Beberapa komplikasi yang bisa muncul akibat pankreatitis akut adalah:

 Pankreatitis kronis atau kondisi dimana pankreas mengalami peradangan dan kerusakan
secara permanen.
 Pseudocysts atau munculnya kantung-kantung cairan di permukaan pankreas yang dapat
menimbulkan gejala perut kembung, nyeri perut, dan gangguan pencernaan.
 Systemic Inflammatory Response Syndrome (SIRS), yaitu menyebarnya peradangan
pankreas ke seluruh tubuh sehingga menyebabkan satu atau lebih organ mengalami
kegagalan fungsi. Kondisi ini ditandai dengan napas dan detak jantung cepat, serta
demam tinggi.
 Nekrosis pankreas atau kematian jaringan pankreas akibat terganggunya pasokan darah
ke organ tersebut. Jaringan yang mati ini rentan terhadap infeksi bakteri. Jika tidak
segera ditangani maka efeknya bisa seperti SIRS yang mana bakteri dapat menyebar
melalui darah dan merusak organ lainnya.
 Pencegahan Pankreatitis Akut
Karena pankreatitis akut erat kaitannya dengan konsumsi minuman beralkohol dan
penyumbatan batu empedu, maka langkah pencegahan yang paling efektif adalah dengan
cara menghindari dua faktor risiko tersebut, misalnya:

 Mengurangi atau menghentikan konsumsi minuman beralkohol.
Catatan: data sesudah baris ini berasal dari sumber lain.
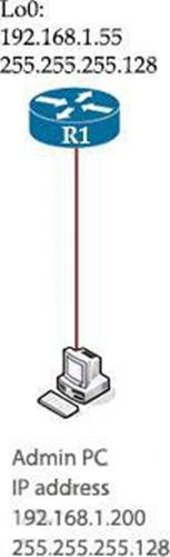 The administrator successfully logs into R1 but cannot access privileged mode commands.

 Menghindari atau membatasi makanan berkolesterol tinggi guna mencegah terbentuknya
batu empedu, seperti daging berlemak, makanan berminyak, dan makanan-makanan yang
mengandung banyak mentega.
 Mengonsumsi makanan yang kaya akan serat, seperti sayur, buah, dan biji-bijian utuh.

Pankreatitis akut juga rentan dialami penderita obesitas, karena itu penerapan diet dan
olahraga secara teratur diperlukan sebagai langkah pencegahan.